D.C.-based Vanda Pharmaceuticals has shut down a bidding war for the company, saying both offers are bids to buy the company for significantly less than it is worth.
Vanda has two commercial drugs approved for treating schizophrenia, bipolar disorder and sleeping disorders, and is developing novel treatments for jet lag, sea sickness and stage fright.
Earlier this month, U.K. drugmaker Cycle Pharmaceuticals made an unsolicited offer of $466 million for all of Vanda’s outstanding shares. That was followed days later by a sweetened acquisition offer from Michigan-based Future Pak for $524 million.
Vanda Pharmaceuticals said its board has reviewed both offers and rejected them.

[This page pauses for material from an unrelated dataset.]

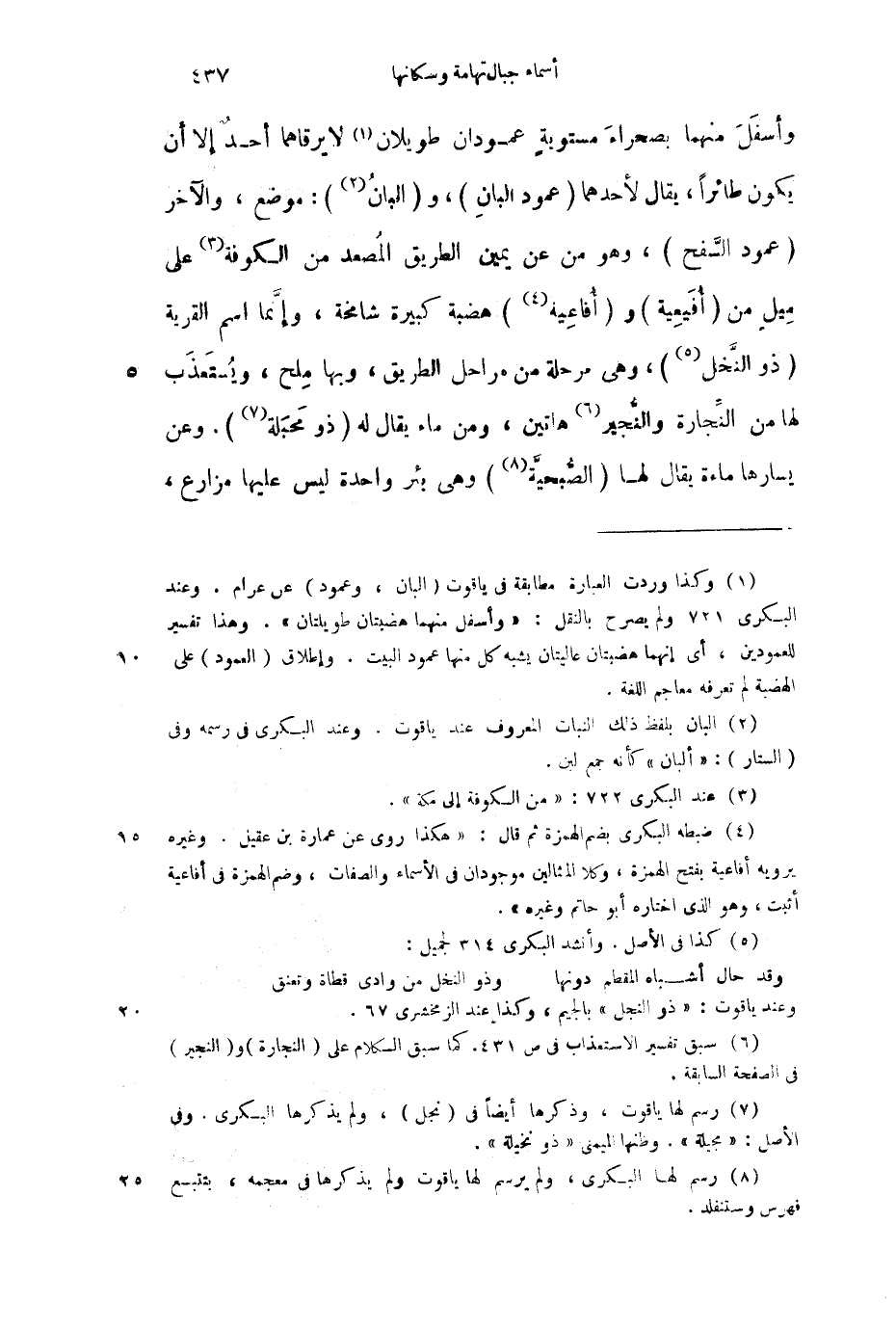 وأسفل منها بصحراء مستوية عمودان طويلان لا يرقاهما أحد إلا أن يكون طائراً، يقال لحدهما (عمود البان) ، و (البان) : موضع، والآخر (عمود السفح) ، وهو من عن يمين الطريق المصعد من الكوفة على ميل من (أفيعية) و (أفاعية) هضبة كبيرة شامخة، وظغنما اسم القرية (ذو النخل) ، وهي مرحلة من مراحل الطريق، وبها ملح، ويستعذب لها من النجارة والنجير هاتين، ومن ماء يقال له (ذو محبلة) وعن يسارها ماءة يقال لها (الصبحية) وهي بئر واحدة ليس عليها مزارع،

“The proposals are opportunistic attempts to purchase the company’s shares at a discount to Vanda’s intrinsic value,” Vanda said in a statement. “The board and management team remain confident that Vanda’s robust revenue, strong cash position and efficient operations position the company well for significant long-term growth far in excess of the bids.”
Vanda had $62.5 million in revenue in its most recent quarter, and a net income of $3.3 million, compared to a net loss of $6.4 million in the same quarter a year ago. It ended the quarter with $502 million in cash, 15% more than a year earlier.
Earlier this year, the Food and Drug Administration expanded approved use of its schizophrenia drug, Fanapt, as a treatment for bipolar 1 disorder. It is also preparing regulatory submissions for treatments for insomnia and gastroparesis.